Note that this is a simplistic model where RTTI is not supported; real compilers will add data in the vtable to support typeid
.
Now, a simple derived class:
struct Der : A {
override void foo();
virtual void bar();
};
Non-virtual (*) base class subobjects are subobjects like member subobjects, but while member subobjects are complete objects, ie. their real (dynamic) type is their declared type, base class subobjects are not complete, and their real type change during construction.
(*) virtual bases are very different, like virtual member functions are different from non virtual members
struct Der__vtable { // vtable for objects of declared type Der
A__vtable __primary_base; // first position
void (*bar__ptr) (Der *__this);
};
// overriding of a virtual function in A:
void Der__foo (A *__this); // Der::foo ()
// new virtual function in Der:
void Der__bar (Der *__this); // Der::bar ()
// vtable for objects of real (dynamic) type Der
const Der__vtable Der__real = {
{ /*foo__ptr =*/ Der__foo },
/*foo__ptr =*/ Der__bar
};
struct Der { // no additional vptr
A __primary_base; // first position
};
Here "first position" means that the member must be first (other members could be re-ordered): they are located at offset zero so we can reinterpret_cast
pointers, the types are compatibles; at non-zero offset, we would have to do pointer adjustments with arithmetic on char*
.
The lack of adjustment may not seem like a big deal in term of generated code (just some add immediate asm instructions), but it means much more than that, it means that such pointers can be viewed as having different types: an object of type A__vtable*
can contain a pointer to Der__vtable
and be treated as either a Der__vtable*
or a A__vtable*
. The same pointer object serves as a pointer to a A__vtable
in functions dealing with objects of type A
and as a pointer to a Der__vtable
in functions dealing with objects of type Der
.
// default constructor for class Der (implicitly declared)

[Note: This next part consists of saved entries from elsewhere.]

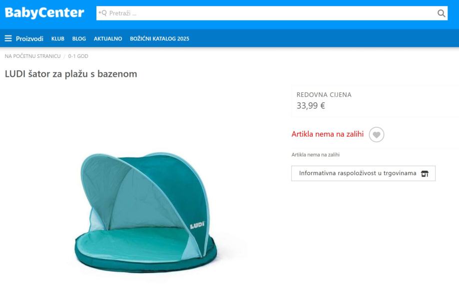 Prodajem potpuno novi i nekorišteni LUDI šator za plažu s bazenom za djecu i bebe.
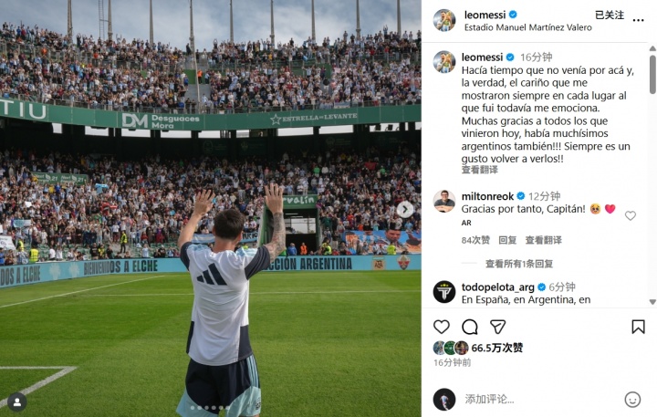 11月13日讯 梅西发布社媒,感谢了今天在埃尔切不雅看我方历练的球迷们。
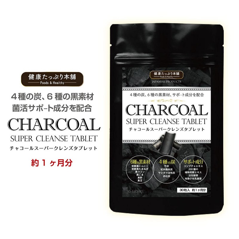 チャコールスーパークレンズタブレット 約1ヶ月分/30粒(国産竹炭、紀州備長炭、活性炭、赤松炭、熟成黒ニンニク、熟成黒たまねぎ、黒ウコン、黒ごま、黒酢、黒豆、コンブチャ、200種の植物発酵エキス、活性酵素、有胞子性乳酸菌)
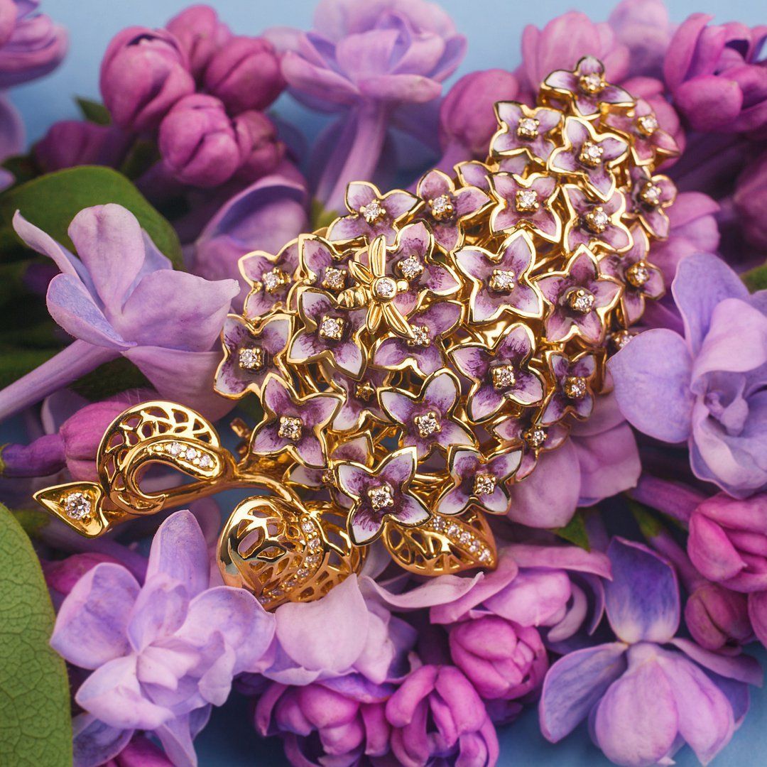 Брошь из желтого золота с бриллиантами

void Der__ctor (Der *__this) {
A__ctor (reinterpret_cast<A*> (__this));
__this->__vptr = reinterpret_cast<A__vtable const*> (&Der__real);
}
You see that the dynamic type, as defined by the vptr, changes during construction as we assign a new value to the vptr (in this particular case the call to the base class constructor does nothing useful and can be optimised away, but it isn't the case with non trivial constructors).
With multiple inheritance:
struct C : A, B {};
A C
instance will contain a A
and a B
, like that:
struct C {
A base__A; // primary base
B base__B;
};
Note that only one of these base class subobjects can have the privilege of sitting at offset zero; this is important in many ways:
conversion of pointers to other base classes (upcasts) will need an
adjustment; conversely, upcasts need the opposite adjustments;
this implies that when doing a virtual call with a base class
pointer, the this
has the correct value for entry in the derived
class overrider.
So the following code:
void B::printaddr() {
printf ("%p", this);
}
void C::printaddr () { // overrides B::printaddr()
printf ("%p", this);
}
can be compiled to
void B__printaddr (B *__this) {
printf ("%p", __this);
}
// proper C::printaddr taking a this of type C* (new vtable entry in C)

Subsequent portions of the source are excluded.